Note that there is a reboot task(post LCM update) also stuck, as i tried to use the GUI to restart the node(prism>cog>reboot>) where the lcm framwork update had not updated - it seems the reboot worked, but something in the task list hasnt updated properly:

Hypervisor reboot: Hypervisor reboot completed - 100% -  succeeded
Hypervisor reboot: Hypervisor is in maintenance mode, Rebooting ... - 70% -  running  - 4 days 32 minutes
Hypervisor rolling reboot initiated successfully - 100% - succeeded‘ is stuck at 70 percent

Since this ive rebooted every AHV host and CVM in the cluster one by one using the Nutanix CLI process, but the tasks remain stuck.
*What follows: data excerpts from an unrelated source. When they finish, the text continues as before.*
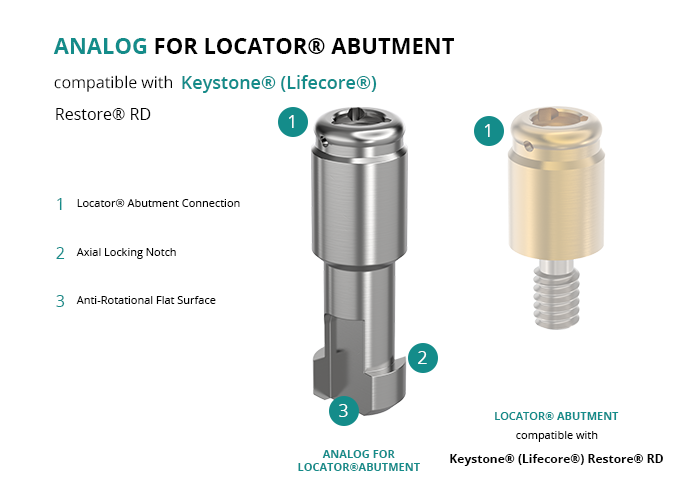 Analog for Locator® Abutment Compatible with Keystone® (Lifecore®) Restore® RD
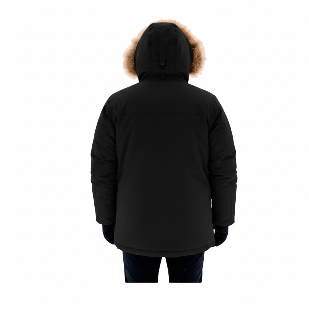 ДИКСОН – поселок городского типа, в котором находится самый северный порт России. Расположен на побережье Енисейского залива и на острове Диксон.Мужская пуховая куртка прямого свободного силуэта с внутренней регулировкой по талии, спинке и низу. Длина куртки до середины бедра. Удлиненная спинка хорошо удерживает тепло. Множество деталей дополнительного утепления создают комфортный микроклимат внутри пуховики. Анатомический крой в области плеч и рукавов позволяет свободное движение плечей и рук в стороны и вверх. Втачной капюшон-тубус регулируется по ширине и глубине, имеет отстегивающуюся опушку из меха енота. Модель предназначена для низких температур, сопровождающихся ветром и снегом.
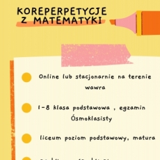 witam, serdecznie zapraszam na korepetycji z matematyki na poziomie szkoły podstawowej. Chętnie pomogę przygotować do egzaminu 8-klasisty z użyciem skutecznych metod i najnowszych materiałów. Potrafię w jasny, prosty i przystępny sposób wytłumaczyć materiał każdemu uczniowi.
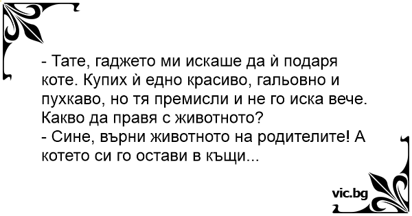 - Тате, гаджето ми искаше да ѝ подаря коте. Купих ѝ едно красиво, гальовно и пухкаво, но тя премисли и не го иска вече. Какво да правя с животното?
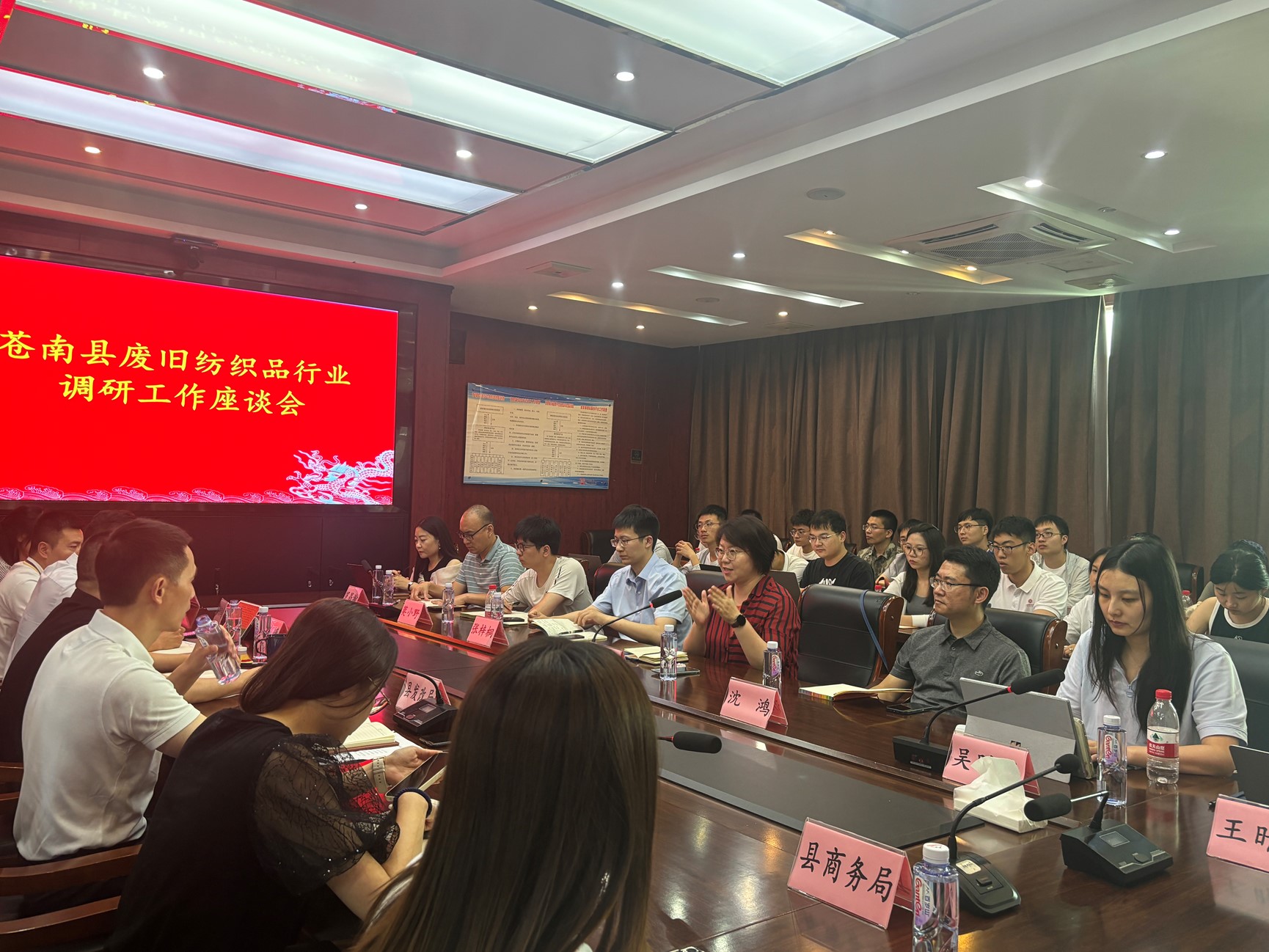 7月8日下午,调研团与苍南县、望里镇、宜山镇、钱库镇、纺织行业协会等相关政府部门和再生纺织业企业代表等进行座谈,与会师生和政府部门负责人、企业家代表进行了热烈讨论,从宏观角度充分了解苍南纺织业发展现状和面临的挑战,并就企业对外投资现状、未来发展规划、产业转型升级等议题展开交流。同时,双方还就如何通过国际三方合作推动苍南可再生纺织业“走出去”,提升国际竞争力,并向全世界讲好苍南的低碳减排故事进行了深入探讨和交流。
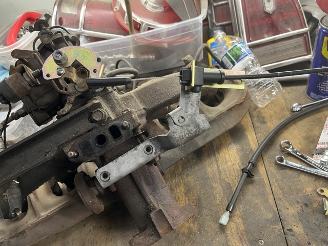 Here's a mock-up so far--looks like the carb bracket has to be cut and the kickdown cable bracket has to be mounted on the outside of the stock 2 bbl accelerator bracket with the accelerator cable moving to the inside.
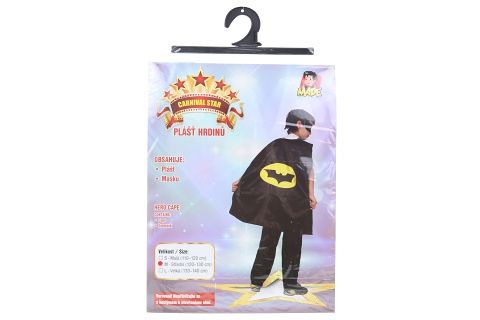 Karnevalový kostým - Batman. Velikost: Střední (120 - 130 cm). Obsahuje: plášť a masku.
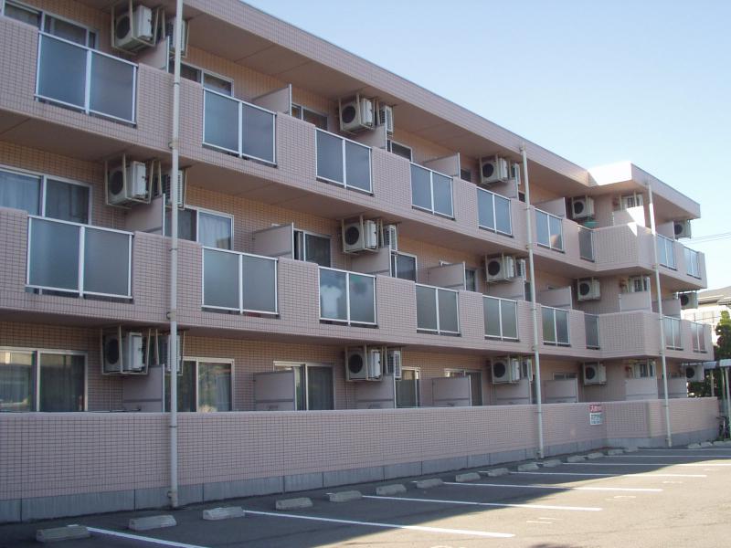 道路沿いにある、ピンク色のマンションです。
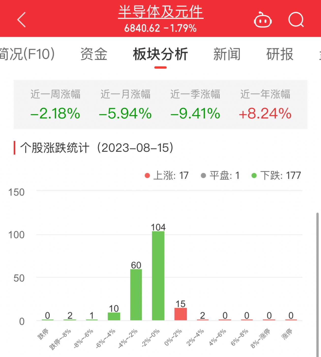 中国经济网北京8月15日讯 今日,半导体及元件板块整体跌幅1.79%,其中17只股票上涨,1只股票平盘,177只股票下跌。
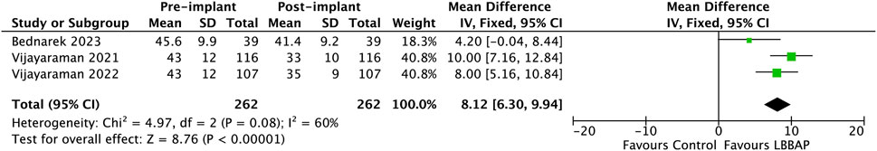 Forest plot showing mean differences of three studies comparing pre- and post-implant values. The studies are Bednarek 2023, Vijayaraman 2021, and Vijayaraman 2022. Mean differences are 4.20, 10.00, and 8.00, respectively. The overall mean difference is 8.12, favoring the LBBAP side, with a 95% confidence interval of 6.30 to 9.94. Heterogeneity is moderate with an I-squared value of 60%. The plot includes confidence intervals and weights.
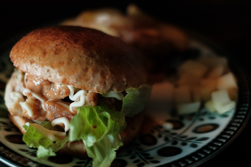 「スペルト小麦で作ったバーガーがあります」

Cluster health is good.

 

From the logs

~/data/logs$ tail -50 lcm_op.trace | grep lcm

lcm_upgrade_status is attempting to connect to Zookeeper

is mentioned a lot but doesnt seem to complete

 

:~/data/logs$ tail -50 zookeeper.out

ERROR genesis_utils.py:571 Unable to find node_uuid for **node3**
ERROR lcm_genesis.py:455 Failed to get svm id
INFO catalog_staging.py:757 Removing /home/nutanix/tmp/lcm_staging/94eb35b1-b557-4de3-91bc-4dff182022f9 after extraction with rm -rf /home/nutanix/tmp/lcm_staging/94eb35b1-b557-4de3-91bc-4dff182022f9
INFO command_execute.py:55 Attempt 0 to execute rm -rf /home/nutanix/tmp/lcm_staging/94eb35b1-b557-4de3-91bc-4dff182022f9 on **node3**
INFO framework_updater.py:581 Successfully staged LCM update module for LCM Version 2.5.32269 at /home/nutanix/tmp/lcm_staging
INFO framework_updater.py:585 Staging LCM image module for version 2.5.32269 on cvm **node3**
INFO catalog_staging.py:610 Prep remote staging area /home/nutanix/tmp/lcm_staging/framework_image
ERROR genesis_utils.py:571 Unable to find node_uuid for **node3**
ERROR lcm_genesis.py:455 Failed to get svm id

 

~/cluster/lib/py$ lcm_auto_upgrade_status
Intended update version: 2.5.32269
2.5.32269: **node1**,**node2**
Nodes not on Intended update version
2.4.4.1.28720: **node3**

 

cluster status | egrep -i "zeus|CVM:"
2022-09-30 10:53:28,694Z INFO zookeeper_session.py:176 cluster is attempting to connect to Zookeeper
2022-09-30 10:53:28,699Z INFO cluster:2729 Executing action status on SVMs **node1**,**node2**, **node3**
        CVM: **node1** Up, ZeusLeader
                                Zeus   UP       g29344, 29389, 29390, 29391, 29411, 29429]
        CVM: **node2** Up
                                Zeus   UP       *10640, 10675, 10676, 13368, 13384, 13401]
2022-09-30 10:53:31,316Z INFO cluster:2888 Success!
        CVM: **node3** Up
                                Zeus   UP       13600, 3638, 3639, 3640, 3649, 3667]

 

As its community edition ill need to try and solve this myself - im wondering if anyone has ran into this issue before with lcm and if using these to bypass or end the tasks is safe to perform with lcm?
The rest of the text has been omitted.